Oncogene-independent BCR-like signaling adaptation confers drug resistance in Ph-like ALL.

J Clin Invest 2020 07;130(7):3637-3653

Division of Oncology, and.

Children and adults with Philadelphia chromosome-like B cell acute lymphoblastic leukemia (Ph-like B-ALL) experience high relapse rates despite best-available conventional chemotherapy.
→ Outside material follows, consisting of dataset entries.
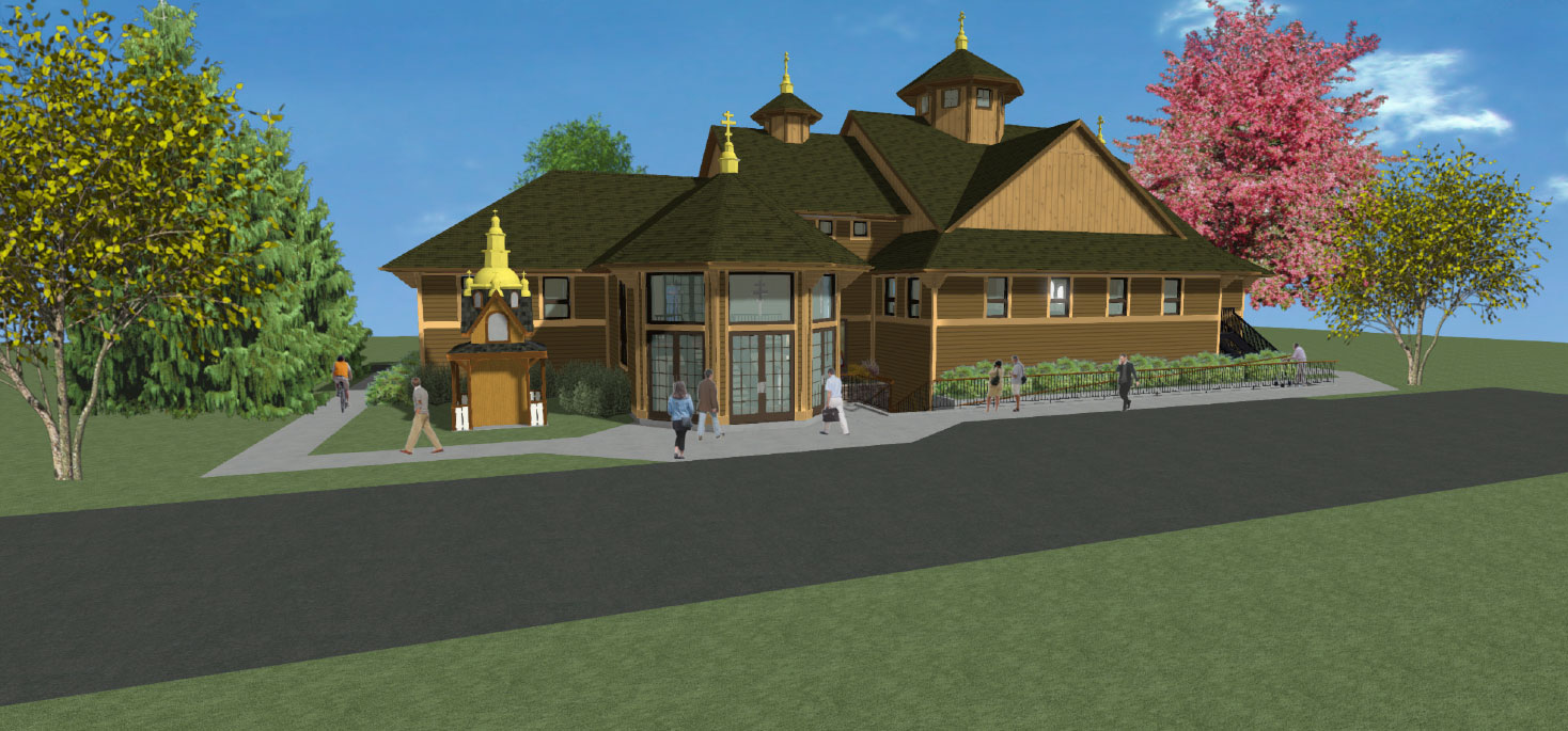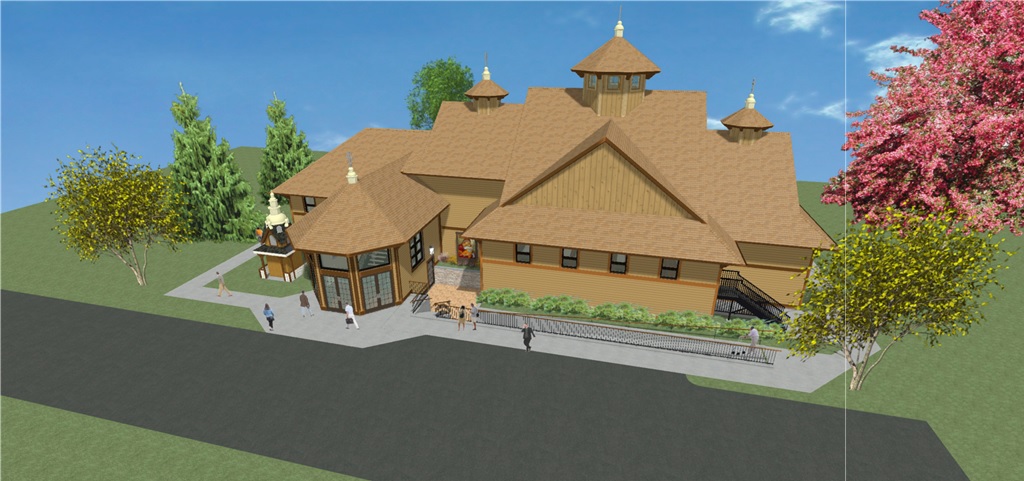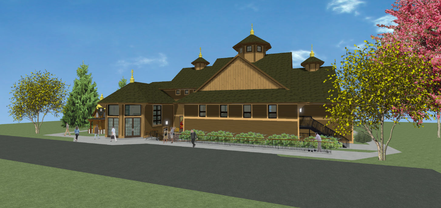Тhe colors for the roof and sides of the new church/shrine will be the colors shown on the upper renderings.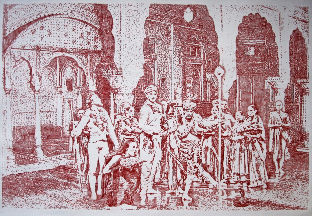 Ballet La bayadère - Série grands dessins format grand aigle : Dessin 3 - Trahison de Solor au serpent. Crayon sanguine sur papier Ingres – Dimensions : 70 cm – 100 cm. Recontextualisation des éléments chorégraphiques a des moments différents du Ballet la Bayadère. A l’extérieur ou à l’intérieur d’un palais de Maharaja, la danse quitte la scène du théâtre quelque peu et installe un moment scénique tragique dans d’autres lieux. Chaque dessin est une nouvelle histoire, une nouvelle intrigue, c’est une nouvelle annotation chorégraphique et spatiale. L’intensité dramatique de cette mise en scène est accentuée par la dichotomie ombre/lumière tandis que les éléments architecturaux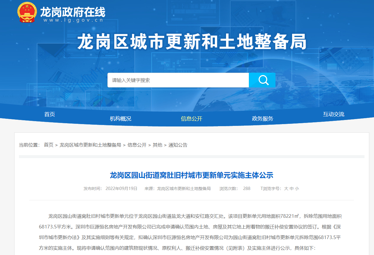 9月13日,深圳市龙岗区城市更新和土地整备局发布《龙岗区园山街道窝肚旧村城市更新单元实施主体公示》的公告,确认深圳市巨源恒名房地产开发有限公司为项目实施主体。项目位...

Ph-like ALL is driven by genetic alterations that activate constitutive cytokine receptor and kinase signaling, and early-phase trials are investigating the potential of the addition of tyrosine kinase inhibitors (TKIs) to chemotherapy to improve clinical outcomes. However, preclinical studies have shown that JAK or PI3K pathway inhibition is insufficient to eradicate the most common cytokine receptor-like factor 2-rearranged (CRLF2-rearranged) Ph-like ALL subset. We thus sought to define additional essential signaling pathways required in Ph-like leukemogenesis for improved therapeutic targeting. Herein, we describe an adaptive signaling plasticity of CRLF2-rearranged Ph-like ALL following selective TKI pressure, which occurs in the absence of genetic mutations. Interestingly, we observed that Ph-like ALL cells have activated SRC, ERK, and PI3K signaling consistent with activated B cell receptor (BCR) signaling, although they do not express cell surface μ-heavy chain (μHC). Combinatorial targeting of JAK/STAT, PI3K, and "BCR-like" signaling with multiple TKIs and/or dexamethasone prevented this signaling plasticity and induced complete cell death, demonstrating a more optimal and clinically pragmatic therapeutic strategy for CRLF2-rearranged Ph-like ALL.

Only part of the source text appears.